Precessional Switching in Magnetic Memory Devices Demonstrated - A particular type of thin-film magnetic device called a "spin-valve" can be engineered to have two stable states of electrical resistance based on the relative magnetization orientation of its ferromagnetic layers. This property has motivated a strong interest in using spin-valves as recording bits in non-volatile magnetic random access memory (MRAM). Companies such as IBM, Motorola, and Honeywell are actively developing MRAM.

A primary technical requirement is precise control of the switching of individual devices. We have been studying the dynamics of magnetization reversal in spin-valves. Devices have sub-micrometer dimensions and are fabricated within a test structure that includes high-bandwidth transmission lines. One line delivers ultra-fast magnetic field pulses to the device. The other line is electrically connected to the device and carries the voltage pulse generated as the device changes state. This voltage pulse serves as a probe of the magnetization dynamics of the device.

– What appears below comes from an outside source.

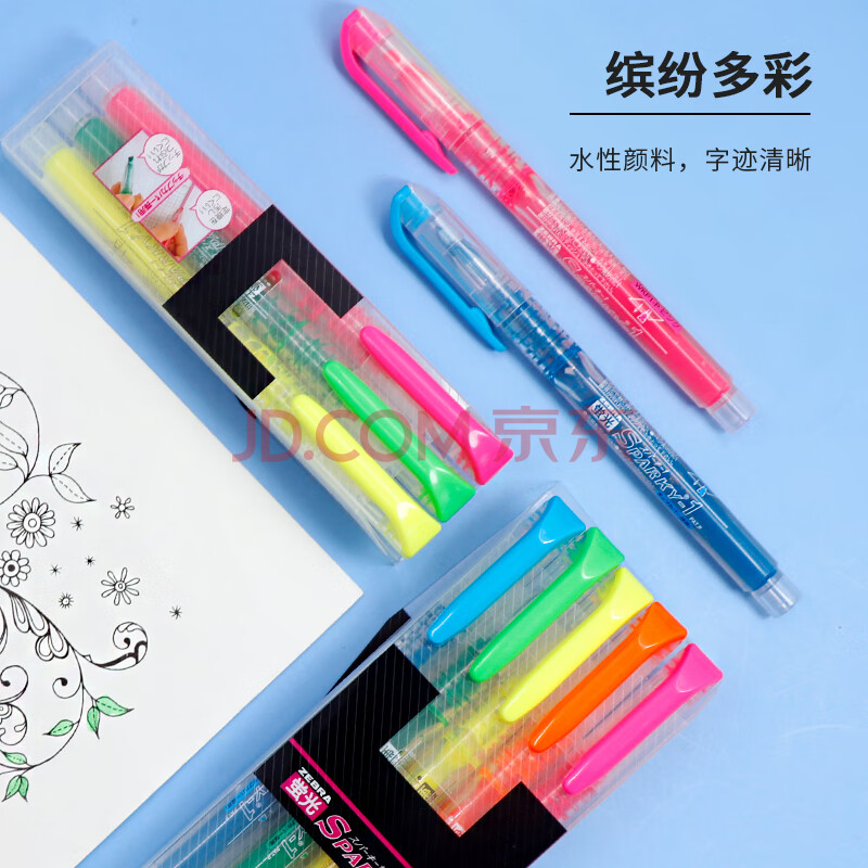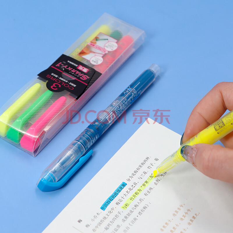商品相册:斑马牌 (ZEBRA)透芯直液荧光笔 SPARKY系列单色划线记号笔 彩色手账笔学生标重点记笔 WKP1 3色套装第

In a spin-valve, only one ferromagnetic layer, the "free layer," responds to external fields. Internal magnetic fields within the device allow only two stable magnetization directions, 180 degrees apart, along an easy axis. Current implementation of MRAM requires field pulses applied for 10 to 20 nanoseconds along either the positive or negative easy axis, depending on the desired state. We have discovered a way to switch the devices using field pulses with durations of less than 300 picoseconds directed perpendicular to the easy axis. The magnetization is reversed due to large-angle precessional motion. For pulses of longer duration, the device does not switch because the magnetization rotates back to its initial direction while the pulse is on.

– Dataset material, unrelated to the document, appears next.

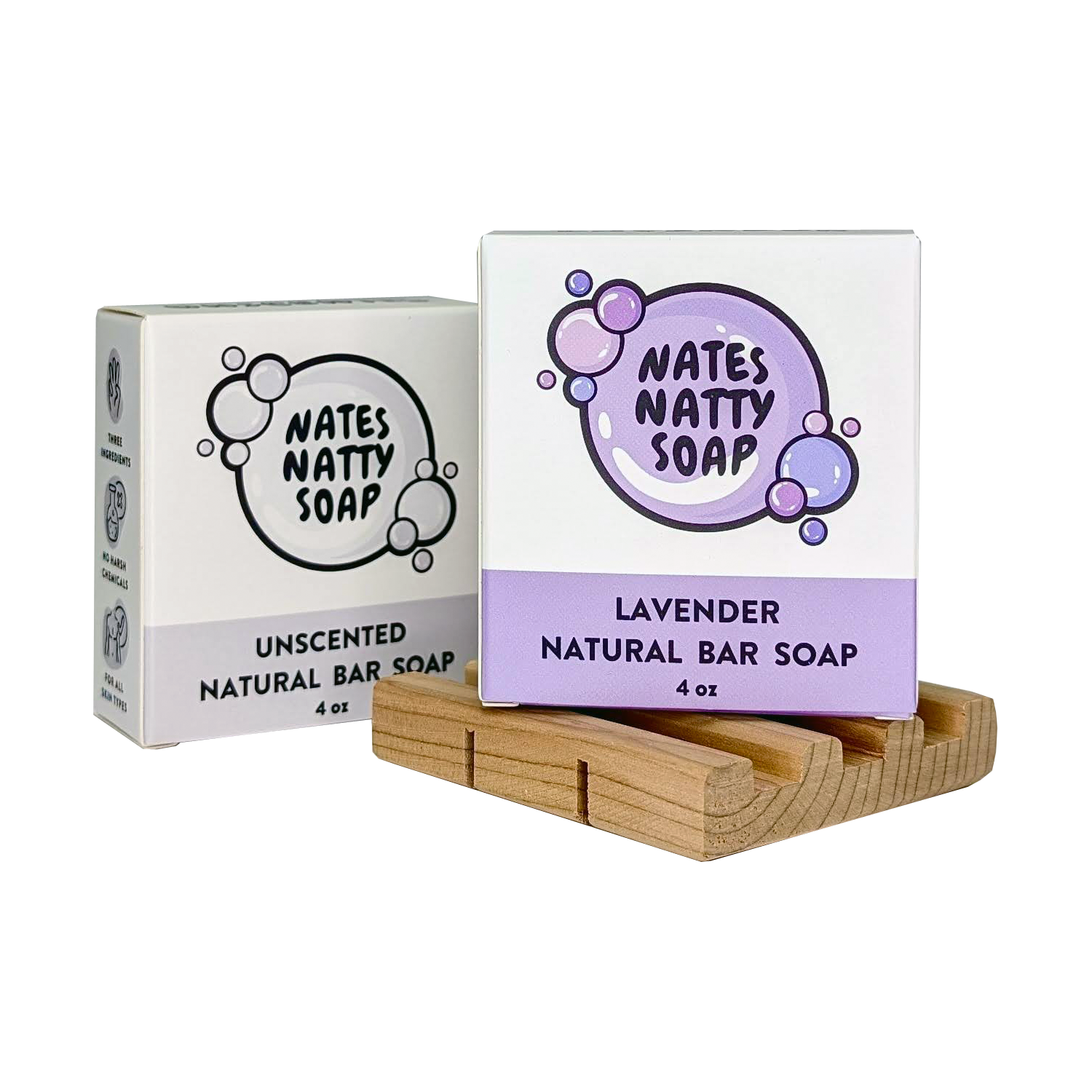 This bundle comes with one Lavender bar soap, one Unscented bar soap, and our wooden soap saver tray, giving you everything you need for a dynamic, luxurious lather session.

Plot of magnetization response of Ni80Fe20 film

Plot of the magnetization response of a Ni₈₀Fe₂₀ film showing underdamped behavior and of a 2 percent Tb-doped Ni₈₀Fe₂₀ film showing critical damping.

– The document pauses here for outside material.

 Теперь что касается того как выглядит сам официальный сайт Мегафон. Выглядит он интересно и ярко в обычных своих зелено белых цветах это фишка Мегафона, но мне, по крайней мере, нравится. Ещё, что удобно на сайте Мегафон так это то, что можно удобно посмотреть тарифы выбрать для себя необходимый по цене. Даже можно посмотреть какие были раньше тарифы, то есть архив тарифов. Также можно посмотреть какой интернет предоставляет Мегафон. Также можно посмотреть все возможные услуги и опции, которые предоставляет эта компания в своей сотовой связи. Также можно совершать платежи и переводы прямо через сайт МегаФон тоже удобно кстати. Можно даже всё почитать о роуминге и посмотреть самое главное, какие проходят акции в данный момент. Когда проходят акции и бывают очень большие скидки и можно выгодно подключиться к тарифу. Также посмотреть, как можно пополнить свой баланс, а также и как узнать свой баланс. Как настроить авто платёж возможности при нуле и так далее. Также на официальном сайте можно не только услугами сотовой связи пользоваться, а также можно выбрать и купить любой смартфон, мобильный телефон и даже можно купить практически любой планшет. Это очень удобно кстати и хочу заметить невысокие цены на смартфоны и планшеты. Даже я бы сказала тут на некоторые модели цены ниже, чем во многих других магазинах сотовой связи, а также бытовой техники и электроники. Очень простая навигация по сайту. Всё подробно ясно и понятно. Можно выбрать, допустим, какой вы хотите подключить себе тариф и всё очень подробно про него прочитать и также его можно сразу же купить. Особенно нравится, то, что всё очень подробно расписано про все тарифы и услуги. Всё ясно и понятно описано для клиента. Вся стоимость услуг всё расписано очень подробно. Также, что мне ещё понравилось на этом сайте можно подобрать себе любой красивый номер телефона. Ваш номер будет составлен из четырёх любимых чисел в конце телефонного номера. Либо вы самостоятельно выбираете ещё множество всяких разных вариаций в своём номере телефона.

Precessional switching requires only a single polarity pulse applied perpendicular to the device easy axis, which results in a toggle operation of the magnetic state of the device. This is a simpler and more efficient bit-setting operation than using pulsed fields along the easy axis, which requires longer pulses in both directions.

Combinatorial Libraries: Phase Diagrams on a Chip - The first NIST magnetic combinatorial thin-film libraries were fabricated and characterized in collaboration with the NIST Materials Science and Engineering Laboratory (MSEL) and Veeco Instruments. We fabricated Ni-Fe-Co-Tb compositional libraries and distributed them to collaborators for measurements. The libraries, fabricated on 7.6 centimeter wafers, contained 400 sites, each 2 millimeters on a side with a different elemental composition. MSEL performed X-ray diffraction measurements to determine microstructure, Veeco characterized the libraries with scanned magneto-optic Kerr effect (MOKE) magnetometry, and we measured the magnetic properties using alternating-gradient-field and superconducting-quantum-interference-device (SQUID) magnetometers. Additional libraries were provided to MSEL to assist in the development of on-wafer magnetostriction measurements. The libraries showed a complex phase diagram with several different microstructural and magnetic regions with dramatically different properties. The library contained regions of in-plane magnetization, out-of-plane magnetization, isotropic magnetic properties, and paramagnetic behavior.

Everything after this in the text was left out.